=== Exercise aim ===
The expected output is an exact copy of each line from the line with "平台活跃人数统计 自2月24" through the end of the data below, with no pictures in it.

-=-=-

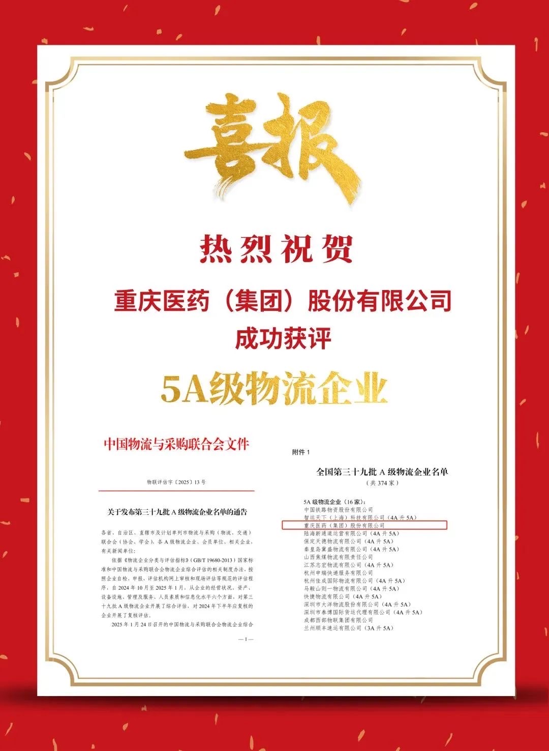 此次發(fā)布的名單上,公司下屬的3家單位也同時上榜,重慶醫(yī)藥集團河南有限公司、重藥控股(湖南)有限公司獲評4A級物流企業(yè),重藥控股(湖南)有限公司全資子公司湖南中邦恒盛醫(yī)藥有限公司通過4A復審。
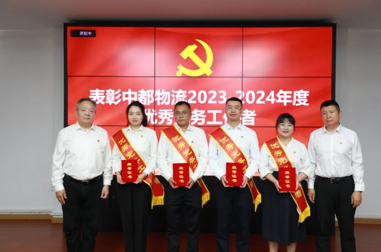 會議宣讀《關于表彰2023-2024年度先進基層黨組織、優(yōu)秀共產黨員、優(yōu)秀黨務工作者的決定》,大會授予中都星徽黨支部等3個基層黨組織“中都物流先進基層黨組織”稱號,授予劉昊等27名同志“中都物流優(yōu)秀共產黨員”稱號,授予王玉霜等7名同志“中都物流優(yōu)秀黨務工作者”稱號,樹立“向先進看齊,尊重榜樣,學習榜樣”的鮮明導向。京內受表彰的先進集體和個人出席大會,先進基層黨組織代表、優(yōu)秀共產黨員進行交流發(fā)言(完整名單附后)。
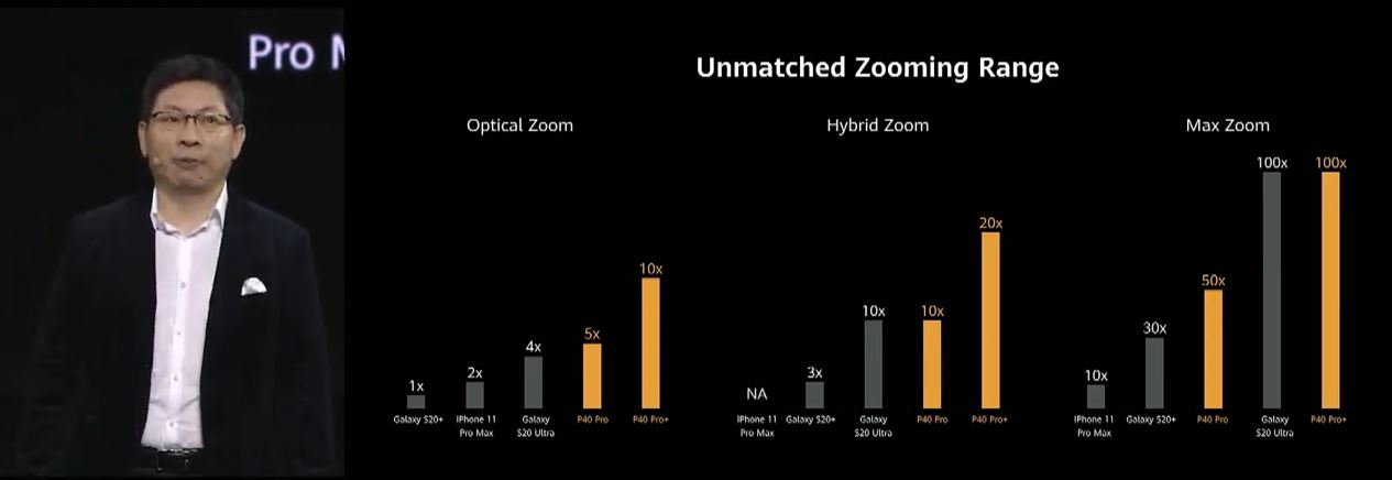 14:26 Uhr: Das Huawei P40 Pro Plus verfügt über einen 3-fach Mid-Range optischen Zoom und einen 10-fach Long-Range-Optical-Zoom.
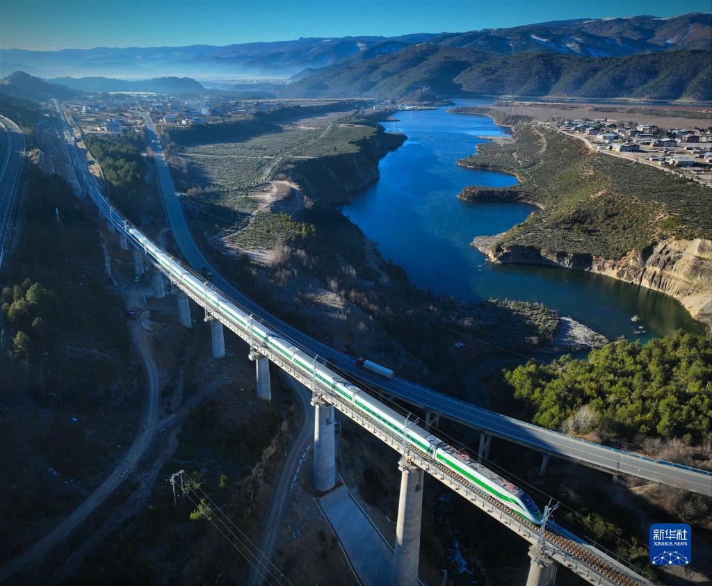 11月26日,列車行駛在麗香鐵路線上(無人機(jī)照片)。新華社記者 邢廣利 攝
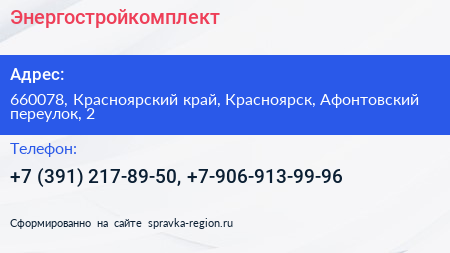 Энергостройкомплект по адресу 660078, Красноярский край, Красноярск, Афонтовский переулок, 2 в дальнейшем Организация, размещена в следующих категориях:
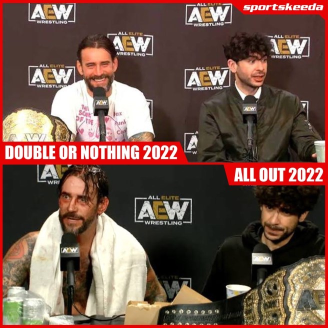 The main event of All Out saw Punk capture the AEW world title for the second time. He had only recently returned from an injury that had forced him to relinquish the title in his first reign after only eight days. At the press conference after the event, Punk sat still bloodied from his match minutes earlierm munching on cupcakes from a box and cracking opening seemingly neverending cans of sparkling water. The assembled press began to ask questions about the event, but Punk had a few things he first needed to get off his chest. Well… a lot of things. He pretty much opened by stating it was “Fucking unfortunate, that I have to come up here and speak” about his relationship with Scott Colton (Colt Cabana). But… you don’t have to at all, Punk… in fact, I imagine we’d all prefer it if you didn’t. Oh, you’re still going. Punk went into great detail about why he was no longer friends with Colt Cabana, why it was nobody’s business why he was no longer friends with Colt Cabana, and why he was no longer friends with Colt Cabana (in case you missed it the first time), why it was ridiculous that he was being questioned on why he was no longer friends with Colt Cabana, and, oh, one more thing, here’s why he’s no longer friends with Colt Cabana (“I’m very sad today that I had to get up here and say his name, he doesn’t fucking deserve it”). He was insistent that that we all recognised that Colt Cabana shared a bank account with his mother – mentioning it several times – as if he believed that one slam dunk would see him deigned automatic moral victor. It was weird, it was completely unprovoked, it was at least a little bit unhinged, and had he stopped there it would have been an unimaginably petty and bitter attack on another wrestler in the same company that, honestly, not many people have really thought about in quite some time. But he didn’t stop. We’re only just getting started ladies, gentlemen and nimbies.
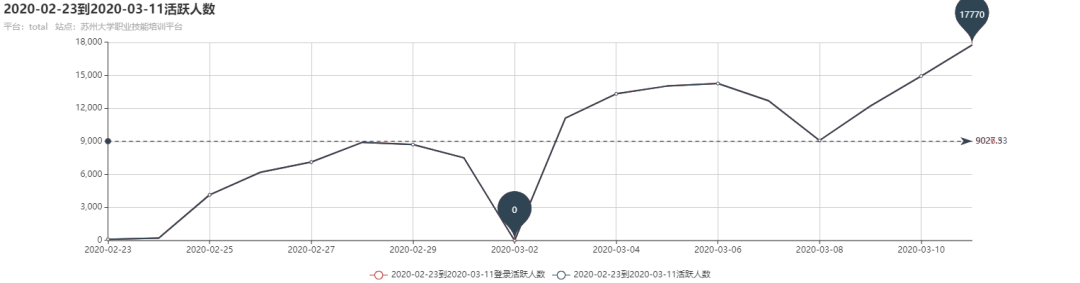 平台活跃人数统计 自2月24日开始,防疫平台的学习活跃人数呈线性增长。并于发文昨日达到目前的最大值(17770人),防疫平台在性能承载方面表现良好,网梯公司将针对平台进行持续监控,保障未来更多人数的学习性能稳定。
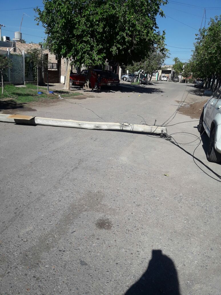 Un lector envió una imagen y el siguiente: “Este poste se cayó en la calle Anzorena del barrio Frondizi. No por el viento, sino por FALTA DE MANTENIMIENTO. Lo de menos es que cayera sobre ese auto y ¿si se desplomaba sobre una persona?”.
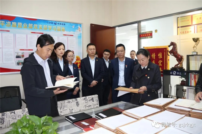 考核組還對金控集團華龍證券2020年度黨建工作責(zé)任制落實情況進行了民主測評、個別談話,查閱了黨建基礎(chǔ)資料,并對金控集團辦公室、金控?fù)?dān)保集團、華龍證券蘭州平?jīng)雎窢I業(yè)部等基層黨組織黨建工作情況進行了現(xiàn)場檢查。
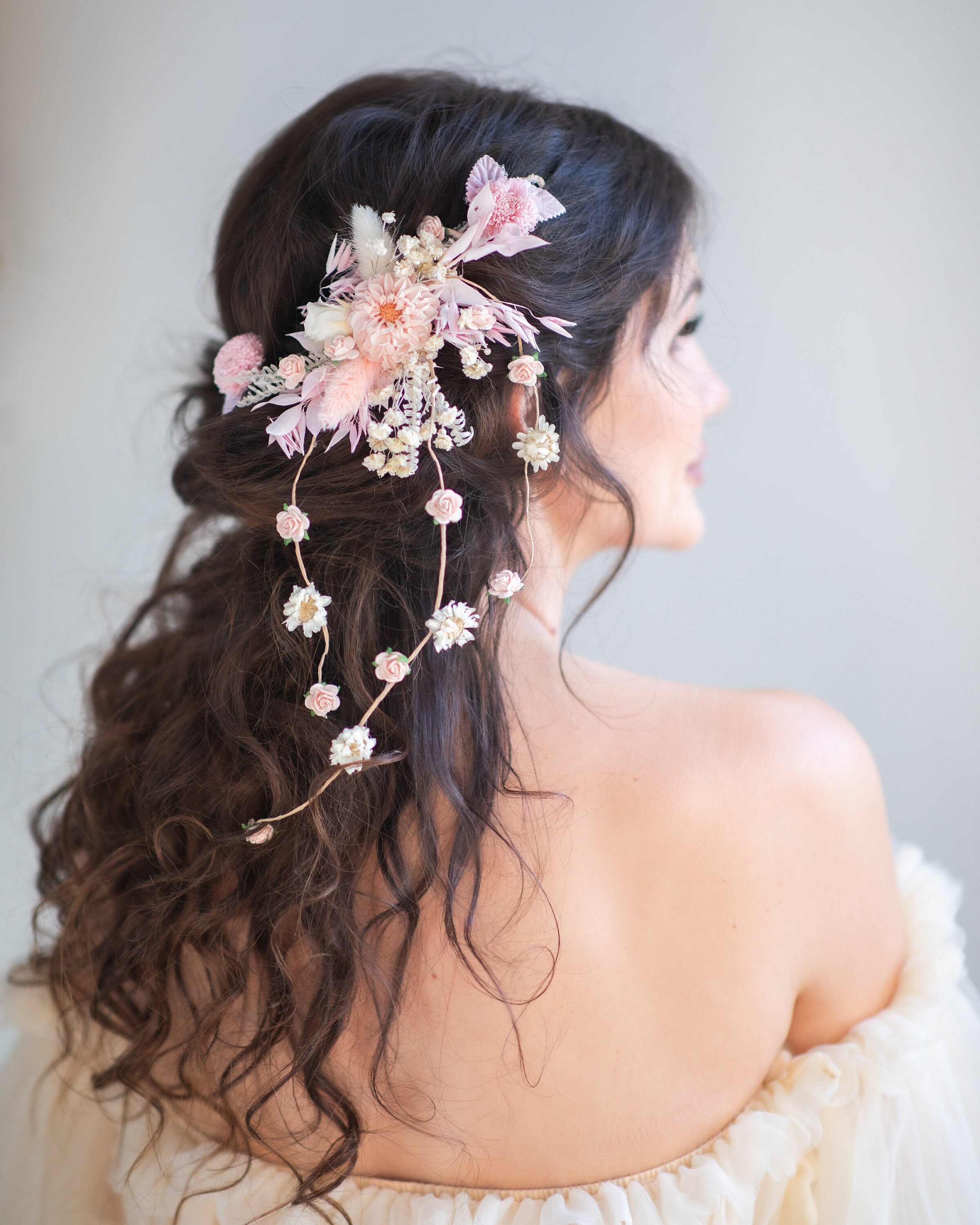 Romantic Flower Hair Vine Blush Bridal Headpiece Pink Wedding Etsy Uk

-=-=-

=== Your solution ===
 平台活跃人数统计 自2月24日开始,防疫平台的学习活跃人数呈线性增长。并于发文昨日达到目前的最大值(17770人),防疫平台在性能承载方面表现良好,网梯公司将针对平台进行持续监控,保障未来更多人数的学习性能稳定。
 Un lector envió una imagen y el siguiente: “Este poste se cayó en la calle Anzorena del barrio Frondizi. No por el viento, sino por FALTA DE MANTENIMIENTO. Lo de menos es que cayera sobre ese auto y ¿si se desplomaba sobre una persona?”.
 考核組還對金控集團華龍證券2020年度黨建工作責(zé)任制落實情況進行了民主測評、個別談話,查閱了黨建基礎(chǔ)資料,并對金控集團辦公室、金控?fù)?dān)保集團、華龍證券蘭州平?jīng)雎窢I業(yè)部等基層黨組織黨建工作情況進行了現(xiàn)場檢查。
 Romantic Flower Hair Vine Blush Bridal Headpiece Pink Wedding Etsy Uk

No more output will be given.